15. A method for mechanistic causal reasoning, comprising:

receiving an input text from a user, the input text specified in a natural language; building a knowledge graph that represents real world facts and associations in the form of contextually tagged and weighted knowledge propositions, in multiple knowledge domains including causality, taxonomy, meronomy, time, space, identity, language, symbols and mathematical formulas; and

resolving ambiguity and determining actual intent of the user for the input text, from a plurality of interpretations of intent for sentences in natural language understanding, using the knowledge graph in conjunction with natural language understanding and logical inference; and

generating a response for the user, as to why and/or how unknown factors resulted in a known outcome, or what outcomes are likely given known causal factors, based on resolving the ambiguity and determination of the actual intent.

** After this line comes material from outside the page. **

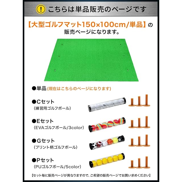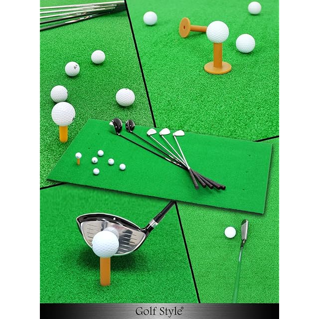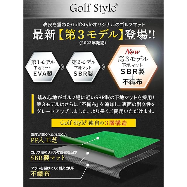 GolfStyle独自の3層構造マットを開発しました。特許申請中の技術となっており、当店独自のゴルフマットとなっております。GolfStyleはリアルな練習を自宅でもできるよう様々なゴルフマットを研究開発しております。こちらのSBRゴルフマットは超大型サイズだから大人の男性でも余裕でスタンス&ショットが可能です。マットの上に立って打てるので本番に近い環境で思いっきり打てます。表面の人工芝は叩いてもへたれにくい、長く使えるポリプロピレン人工芝を使用、裏面は柔軟性があり、踏んだ時のリアルな芝感を実現したSBR製マットなので、グリーン上に似た感覚でショット練習ができます。お客様のご要望に応え、あらゆるスタンスに対応できるように6カ所にティー用の穴を開けました。左右に開いているのでレフティーの方でも対応しています。また、マットがへたってきても入れ替えて使用ができます。使わないときは丸めて箱にしまうことができます。マットの部分は商品改善を行い、巻き癖が残るEVA製マットから巻き癖がつきにくいSBR製マットに変更しました。丸めても元に戻るの安心してご利用いただけます。サイズは縦幅150cm×横幅100cm×厚さ18mm(人工芝10mm+土台SBRマット8mm)※写真参照、重量は4.5kg、マットカラーはグリーン、素材/材質はSBR、PP(ポリプロピレン)人工芝、各種ゴルフボールやゴムティーなどセット内容をお選びいただくことができます。
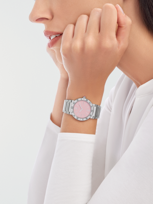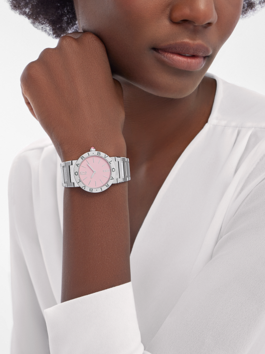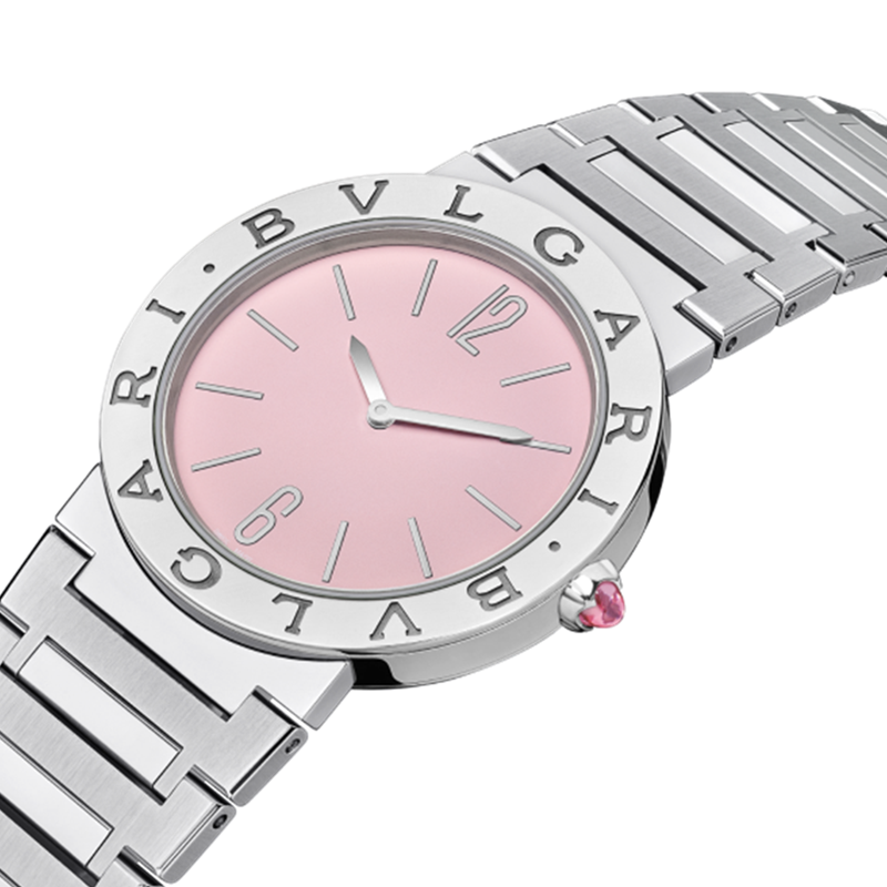 镜面 材质 | 蓝宝石水晶玻璃 | 表盘 | 精钢表壳 精钢表圈镌刻双LOGO标 淡粉色漆面表盘,12枚镶贴时标,银色指针 精钢表冠镶嵌一颗凸形蛋面切割粉色红碧玺 |

16. A non-transitory computer readable storage medium, wherein the non-transitory computer readable storage medium stores instructions, which when executed by a computer system, cause the computer system to perform a method comprising:

receiving an input text from a user, the input text specified in a natural language; building a knowledge graph that represents real world facts and associations in the form of contextually tagged and weighted knowledge propositions, in multiple knowledge domains including causality, taxonomy, meronomy, time, space, identity, language, symbols and mathematical formulas; and

resolving ambiguity and determining actual intent of the user for the input text, from a plurality of interpretations of intent for sentences in natural language understanding, using the knowledge graph in conjunction with natural language understanding and logical inference; and

generating a response for the user, as to why and/or how unknown factors resulted in a known outcome, or what outcomes are likely given known causal factors, based on resolving the ambiguity and determination of the actual intent.

17. A system comprising:

one or more memory units each operable to store at least one program; and at least one processor communicatively coupled to the one or more memory units, in which the at least one program, when executed by the at least one processor, causes the at least one processor to:

receive an input text from a user, the input text specified in a natural language; build a knowledge graph that represents real world facts and associations in the form of contextually tagged and weighted knowledge propositions, in multiple knowledge domains including causality, taxonomy, meronomy, time, space, identity, language, symbols and mathematical formulas; and

resolve ambiguity and determining actual intent of the user for the input text, from a plurality of interpretations of intent for sentences in natural language understanding, using the knowledge graph in conjunction with natural language understanding and logical inference; and

generate a response for the user, as to why and/or how unknown factors resulted in a known outcome, or what outcomes are likely given known causal factors, based on resolving the ambiguity and determination of the actual intent.